Problem details:
Once you reach the line containing "捐赠现场热闹非凡,师生们纷纷" in the entries below, write out that line and each one after it down to the line containing "Jednak na razie", exactly and with nothing added.

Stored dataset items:
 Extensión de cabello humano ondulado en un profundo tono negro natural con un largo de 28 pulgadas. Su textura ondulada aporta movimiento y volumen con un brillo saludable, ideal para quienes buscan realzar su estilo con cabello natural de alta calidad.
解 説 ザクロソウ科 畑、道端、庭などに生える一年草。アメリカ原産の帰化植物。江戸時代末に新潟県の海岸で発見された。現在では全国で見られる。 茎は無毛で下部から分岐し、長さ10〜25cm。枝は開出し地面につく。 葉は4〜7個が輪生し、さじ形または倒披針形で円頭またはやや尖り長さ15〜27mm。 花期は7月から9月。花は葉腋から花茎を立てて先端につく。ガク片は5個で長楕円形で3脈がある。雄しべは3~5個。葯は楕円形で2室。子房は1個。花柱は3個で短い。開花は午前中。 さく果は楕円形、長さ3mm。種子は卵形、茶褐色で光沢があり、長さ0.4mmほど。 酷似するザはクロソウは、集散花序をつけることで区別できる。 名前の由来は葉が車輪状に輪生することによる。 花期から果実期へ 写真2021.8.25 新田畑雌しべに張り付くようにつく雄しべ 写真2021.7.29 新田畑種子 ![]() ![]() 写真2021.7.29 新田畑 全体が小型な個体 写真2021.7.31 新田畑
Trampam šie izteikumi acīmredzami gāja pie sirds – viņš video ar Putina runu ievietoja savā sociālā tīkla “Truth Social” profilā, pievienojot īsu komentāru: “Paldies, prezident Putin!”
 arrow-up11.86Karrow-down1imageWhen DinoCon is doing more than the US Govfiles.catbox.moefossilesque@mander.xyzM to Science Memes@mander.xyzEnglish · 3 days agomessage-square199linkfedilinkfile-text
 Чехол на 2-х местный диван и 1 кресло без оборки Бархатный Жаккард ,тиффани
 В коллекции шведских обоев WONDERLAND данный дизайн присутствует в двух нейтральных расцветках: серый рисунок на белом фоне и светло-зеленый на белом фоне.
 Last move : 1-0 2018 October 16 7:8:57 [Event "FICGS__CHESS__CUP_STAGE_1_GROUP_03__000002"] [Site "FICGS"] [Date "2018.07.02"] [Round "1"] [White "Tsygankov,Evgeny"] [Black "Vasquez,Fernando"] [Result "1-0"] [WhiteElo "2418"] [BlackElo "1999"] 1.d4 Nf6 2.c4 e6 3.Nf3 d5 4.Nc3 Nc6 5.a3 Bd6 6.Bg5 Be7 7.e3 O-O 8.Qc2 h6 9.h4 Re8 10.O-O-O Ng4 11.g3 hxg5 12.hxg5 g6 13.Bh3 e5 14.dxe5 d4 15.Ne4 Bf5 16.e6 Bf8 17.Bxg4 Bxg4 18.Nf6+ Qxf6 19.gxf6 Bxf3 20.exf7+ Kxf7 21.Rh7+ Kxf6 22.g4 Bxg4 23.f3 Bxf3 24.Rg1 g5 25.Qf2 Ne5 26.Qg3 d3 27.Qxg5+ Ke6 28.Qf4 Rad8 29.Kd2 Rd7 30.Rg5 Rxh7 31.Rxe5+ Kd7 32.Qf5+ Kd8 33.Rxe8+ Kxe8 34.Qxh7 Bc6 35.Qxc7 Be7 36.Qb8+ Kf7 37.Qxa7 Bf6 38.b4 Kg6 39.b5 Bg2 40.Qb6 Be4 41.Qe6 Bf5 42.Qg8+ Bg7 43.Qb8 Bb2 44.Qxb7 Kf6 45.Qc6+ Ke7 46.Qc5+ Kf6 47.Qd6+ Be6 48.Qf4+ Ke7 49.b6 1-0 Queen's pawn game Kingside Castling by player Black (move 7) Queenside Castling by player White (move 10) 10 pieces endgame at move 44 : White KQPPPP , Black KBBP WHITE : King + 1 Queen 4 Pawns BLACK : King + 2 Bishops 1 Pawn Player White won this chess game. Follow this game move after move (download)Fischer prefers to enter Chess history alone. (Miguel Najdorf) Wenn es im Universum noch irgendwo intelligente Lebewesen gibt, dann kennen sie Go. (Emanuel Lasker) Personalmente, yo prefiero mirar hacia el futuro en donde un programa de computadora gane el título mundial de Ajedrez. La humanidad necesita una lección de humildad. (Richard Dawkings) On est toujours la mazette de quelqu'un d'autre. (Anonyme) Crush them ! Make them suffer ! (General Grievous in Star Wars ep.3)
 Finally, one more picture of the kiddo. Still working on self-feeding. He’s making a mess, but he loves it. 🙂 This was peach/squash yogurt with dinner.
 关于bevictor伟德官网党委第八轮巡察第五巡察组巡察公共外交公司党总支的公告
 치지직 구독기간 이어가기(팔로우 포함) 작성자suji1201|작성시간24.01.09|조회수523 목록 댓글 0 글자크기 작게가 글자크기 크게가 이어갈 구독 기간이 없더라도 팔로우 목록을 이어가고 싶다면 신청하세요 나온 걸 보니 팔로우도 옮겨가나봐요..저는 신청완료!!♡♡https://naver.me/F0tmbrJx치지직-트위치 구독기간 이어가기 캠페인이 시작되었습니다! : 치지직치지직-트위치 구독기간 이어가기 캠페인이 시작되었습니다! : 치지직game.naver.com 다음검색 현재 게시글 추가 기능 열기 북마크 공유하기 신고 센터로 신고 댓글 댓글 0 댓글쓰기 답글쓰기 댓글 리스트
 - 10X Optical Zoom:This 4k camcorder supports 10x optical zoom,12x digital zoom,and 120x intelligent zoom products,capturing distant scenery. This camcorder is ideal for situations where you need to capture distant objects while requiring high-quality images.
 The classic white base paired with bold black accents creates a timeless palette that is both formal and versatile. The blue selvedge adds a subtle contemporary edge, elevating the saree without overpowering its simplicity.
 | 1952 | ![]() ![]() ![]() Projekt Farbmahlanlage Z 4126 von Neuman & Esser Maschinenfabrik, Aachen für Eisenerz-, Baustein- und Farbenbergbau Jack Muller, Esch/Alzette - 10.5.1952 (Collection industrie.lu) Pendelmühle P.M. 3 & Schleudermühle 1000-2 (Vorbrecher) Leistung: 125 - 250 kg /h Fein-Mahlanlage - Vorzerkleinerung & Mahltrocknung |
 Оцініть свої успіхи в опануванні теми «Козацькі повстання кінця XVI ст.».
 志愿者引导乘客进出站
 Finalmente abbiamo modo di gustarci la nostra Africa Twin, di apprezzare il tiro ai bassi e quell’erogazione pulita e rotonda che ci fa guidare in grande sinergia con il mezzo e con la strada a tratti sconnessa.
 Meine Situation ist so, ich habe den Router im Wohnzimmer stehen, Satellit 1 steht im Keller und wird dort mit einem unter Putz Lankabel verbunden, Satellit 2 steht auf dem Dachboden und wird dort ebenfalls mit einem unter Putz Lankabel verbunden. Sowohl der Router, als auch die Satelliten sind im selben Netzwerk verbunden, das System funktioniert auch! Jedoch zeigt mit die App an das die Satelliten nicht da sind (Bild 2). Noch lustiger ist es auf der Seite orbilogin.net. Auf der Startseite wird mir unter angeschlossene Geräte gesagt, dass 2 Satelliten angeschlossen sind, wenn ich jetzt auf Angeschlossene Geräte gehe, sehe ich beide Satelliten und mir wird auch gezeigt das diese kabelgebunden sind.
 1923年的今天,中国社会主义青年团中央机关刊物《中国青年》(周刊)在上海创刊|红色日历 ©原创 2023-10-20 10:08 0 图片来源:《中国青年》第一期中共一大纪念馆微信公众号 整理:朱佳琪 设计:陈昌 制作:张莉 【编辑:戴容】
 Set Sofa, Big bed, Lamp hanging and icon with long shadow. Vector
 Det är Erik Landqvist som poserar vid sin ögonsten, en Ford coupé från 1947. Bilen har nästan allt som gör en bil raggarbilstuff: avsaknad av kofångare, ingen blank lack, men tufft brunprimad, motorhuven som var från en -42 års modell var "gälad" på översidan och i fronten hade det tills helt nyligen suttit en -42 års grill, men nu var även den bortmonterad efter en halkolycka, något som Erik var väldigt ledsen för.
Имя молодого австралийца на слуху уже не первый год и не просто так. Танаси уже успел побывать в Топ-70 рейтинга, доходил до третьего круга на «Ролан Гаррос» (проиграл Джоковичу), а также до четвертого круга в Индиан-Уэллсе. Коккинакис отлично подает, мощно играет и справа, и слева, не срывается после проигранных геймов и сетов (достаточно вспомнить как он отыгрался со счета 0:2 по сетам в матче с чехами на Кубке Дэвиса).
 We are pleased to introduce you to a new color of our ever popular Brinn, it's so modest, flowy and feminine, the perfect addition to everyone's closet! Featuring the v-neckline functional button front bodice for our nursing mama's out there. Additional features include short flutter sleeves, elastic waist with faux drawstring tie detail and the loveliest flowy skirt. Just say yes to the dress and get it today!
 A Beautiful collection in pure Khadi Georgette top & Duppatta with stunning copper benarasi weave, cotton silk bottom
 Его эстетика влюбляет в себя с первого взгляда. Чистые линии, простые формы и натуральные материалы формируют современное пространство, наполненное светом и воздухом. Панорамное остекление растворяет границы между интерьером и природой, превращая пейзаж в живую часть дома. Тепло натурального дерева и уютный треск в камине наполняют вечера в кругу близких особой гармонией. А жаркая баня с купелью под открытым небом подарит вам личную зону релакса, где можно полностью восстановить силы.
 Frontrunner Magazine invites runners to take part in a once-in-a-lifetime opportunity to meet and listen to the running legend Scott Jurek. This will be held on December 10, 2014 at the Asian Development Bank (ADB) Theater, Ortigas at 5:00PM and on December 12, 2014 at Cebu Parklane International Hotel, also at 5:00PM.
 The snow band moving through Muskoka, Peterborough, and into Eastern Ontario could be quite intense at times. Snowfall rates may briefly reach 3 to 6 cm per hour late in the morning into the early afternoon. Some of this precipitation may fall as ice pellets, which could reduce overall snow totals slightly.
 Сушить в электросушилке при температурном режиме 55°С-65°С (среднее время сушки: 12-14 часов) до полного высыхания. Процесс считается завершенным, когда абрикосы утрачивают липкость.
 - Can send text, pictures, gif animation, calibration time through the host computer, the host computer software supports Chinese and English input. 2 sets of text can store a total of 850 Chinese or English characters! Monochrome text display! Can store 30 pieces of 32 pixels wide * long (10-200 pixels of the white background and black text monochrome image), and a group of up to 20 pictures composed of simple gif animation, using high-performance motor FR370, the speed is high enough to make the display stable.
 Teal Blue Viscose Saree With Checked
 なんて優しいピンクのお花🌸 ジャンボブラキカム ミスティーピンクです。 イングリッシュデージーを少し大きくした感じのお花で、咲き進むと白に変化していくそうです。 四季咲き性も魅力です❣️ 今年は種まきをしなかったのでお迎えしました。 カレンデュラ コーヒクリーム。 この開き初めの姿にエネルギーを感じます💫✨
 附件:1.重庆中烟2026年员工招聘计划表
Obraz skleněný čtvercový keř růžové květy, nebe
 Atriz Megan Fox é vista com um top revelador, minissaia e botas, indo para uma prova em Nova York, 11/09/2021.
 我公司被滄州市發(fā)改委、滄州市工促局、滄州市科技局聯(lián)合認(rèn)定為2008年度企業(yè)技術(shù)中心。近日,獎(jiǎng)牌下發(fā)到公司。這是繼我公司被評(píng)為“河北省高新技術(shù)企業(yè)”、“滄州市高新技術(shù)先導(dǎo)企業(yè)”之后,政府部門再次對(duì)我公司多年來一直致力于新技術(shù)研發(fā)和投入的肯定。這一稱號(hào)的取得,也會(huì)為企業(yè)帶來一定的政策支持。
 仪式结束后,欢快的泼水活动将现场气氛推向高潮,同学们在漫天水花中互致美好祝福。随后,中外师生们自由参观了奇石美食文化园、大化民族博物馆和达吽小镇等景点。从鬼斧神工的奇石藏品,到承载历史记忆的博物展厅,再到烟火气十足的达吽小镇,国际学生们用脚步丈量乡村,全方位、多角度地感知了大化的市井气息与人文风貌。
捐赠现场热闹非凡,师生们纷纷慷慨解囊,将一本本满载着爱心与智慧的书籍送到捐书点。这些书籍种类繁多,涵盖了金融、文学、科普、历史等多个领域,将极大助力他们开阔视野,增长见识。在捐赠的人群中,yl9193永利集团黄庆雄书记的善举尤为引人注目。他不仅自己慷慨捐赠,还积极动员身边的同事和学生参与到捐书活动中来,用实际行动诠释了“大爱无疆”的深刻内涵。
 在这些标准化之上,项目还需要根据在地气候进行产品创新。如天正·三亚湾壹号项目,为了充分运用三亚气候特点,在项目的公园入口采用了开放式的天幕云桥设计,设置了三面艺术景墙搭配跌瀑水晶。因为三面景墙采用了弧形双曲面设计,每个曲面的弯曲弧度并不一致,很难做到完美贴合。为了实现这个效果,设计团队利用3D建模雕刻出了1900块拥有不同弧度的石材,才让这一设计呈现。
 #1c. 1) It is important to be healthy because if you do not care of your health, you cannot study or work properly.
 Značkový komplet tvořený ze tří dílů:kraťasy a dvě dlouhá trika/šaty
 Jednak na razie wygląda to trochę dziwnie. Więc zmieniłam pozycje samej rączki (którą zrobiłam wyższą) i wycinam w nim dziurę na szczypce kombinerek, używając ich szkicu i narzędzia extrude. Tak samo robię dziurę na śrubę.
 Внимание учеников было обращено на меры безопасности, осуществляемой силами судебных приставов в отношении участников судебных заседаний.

Answer to this task:
捐赠现场热闹非凡,师生们纷纷慷慨解囊,将一本本满载着爱心与智慧的书籍送到捐书点。这些书籍种类繁多,涵盖了金融、文学、科普、历史等多个领域,将极大助力他们开阔视野,增长见识。在捐赠的人群中,yl9193永利集团黄庆雄书记的善举尤为引人注目。他不仅自己慷慨捐赠,还积极动员身边的同事和学生参与到捐书活动中来,用实际行动诠释了“大爱无疆”的深刻内涵。
 在这些标准化之上,项目还需要根据在地气候进行产品创新。如天正·三亚湾壹号项目,为了充分运用三亚气候特点,在项目的公园入口采用了开放式的天幕云桥设计,设置了三面艺术景墙搭配跌瀑水晶。因为三面景墙采用了弧形双曲面设计,每个曲面的弯曲弧度并不一致,很难做到完美贴合。为了实现这个效果,设计团队利用3D建模雕刻出了1900块拥有不同弧度的石材,才让这一设计呈现。
 #1c. 1) It is important to be healthy because if you do not care of your health, you cannot study or work properly.
 Značkový komplet tvořený ze tří dílů:kraťasy a dvě dlouhá trika/šaty
 Jednak na razie wygląda to trochę dziwnie. Więc zmieniłam pozycje samej rączki (którą zrobiłam wyższą) i wycinam w nim dziurę na szczypce kombinerek, używając ich szkicu i narzędzia extrude. Tak samo robię dziurę na śrubę.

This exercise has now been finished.